En el siglo XIX, la historia se aceleró. Los tugurios antihigiénicos y las oficinas miserables de empleados de fábricas atestadas de aire viciado eran el telón de fondo de una aspiración de cambio que reemplazaba el inmovilismo del viejo régimen. En esta época, anunciar un futuro mejor fue el alimento de todas las utopías socialistas o científicas.
Había que luchar para construir un futuro que fuera absolutamente terrenal. El liberalismo y el socialismo situaban al individuo en el centro de sus preocupaciones. Se terminaron los cerrojos del nacimiento, en una sociedad donde todos querían ser iguales y donde, por lo tanto, el ascenso social no solo era posible sino necesario. Las predicciones eran un estímulo para los emprendedores, para quienes la innovación era un instrumento necesario para crecer en mercados competitivos.
En ese contexto, las predicciones científicas, políticas, económicas o sociales reemplazaban la fe que las grandes religiones habían asegurado. Los que predecían el futuro eran los economistas; los que formulaban utopías, los teóricos de la prospectiva. Se desplazaban de esta manera a los sacerdotes de las religiones tradicionales.

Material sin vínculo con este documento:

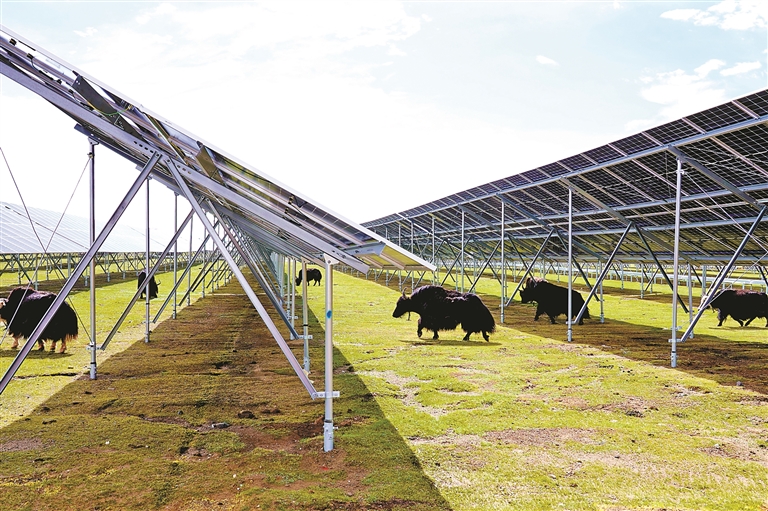 在華電羅布沙光伏項目區(qū),整齊的光伏板陣列與圣潔的雪山共同構(gòu)成獨特景致。光伏板下,回鋪的草甸悄然復(fù)蘇,牦牛悠然其間覓食,形成獨特的“牧光互補”模式,實現(xiàn)了生態(tài)保護(hù)與清潔能源生產(chǎn)的雙贏。

El individuo estaba más solo, la sociedad era una jungla, por ello había que recurrir a nuevas estructuras de salud colectivas: los sindicatos, los partidos guiados por las nuevas profecías que anunciaban el futuro. Las convulsiones fueron importantes en Europa: la sociedad tradicional empezaba a tambalear en los mitos de las nacionalidades, al paso de los cambios en los métodos de la producción industrial que eran tan bruscos que las sociedades debían inventar resguardos para mantener su estabilidad. En ese universo de fábricas y humo, de nuevas ideologías y conflictos sociales, los teóricos políticos, sociólogos y economistas debían asumir el rol de los profetas en la Antigüedad.
La atmósfera que invadió el principio del siglo XIX tuvo un clima propicio, a diferencia de lo que ocurrió a comienzos del siglo posterior. Muchos son los testimonios de esa confianza en el futuro. Víctor Hugo, el visionario romántico, exclama en 1830: “¡Oh! ¡El porvenir es magnífico!”. En una carta que le envía a Nadar, el fotógrafo, anuncia que la ciencia asegurará la libertad del género humano. Víctor Hugo acompaña con su optimismo a poetas de todo el mundo; por ejemplo, el chileno Manuel Lacunza predice una tierra “eternamente renovada” física y moralmente, de naciones instruidas, pacificadas, bautizadas, que conservan una “fe pura, de costumbres inocentes”.(44)
Hay pesimistas, como el clérigo anglicano Thomas Malthus, quien partiendo del argumento de que la producción crece a un ritmo aritmético, mientras que la población lo hace a una velocidad geométrica, anunció una catástrofe si no se reducía drásticamente la cantidad de habitantes.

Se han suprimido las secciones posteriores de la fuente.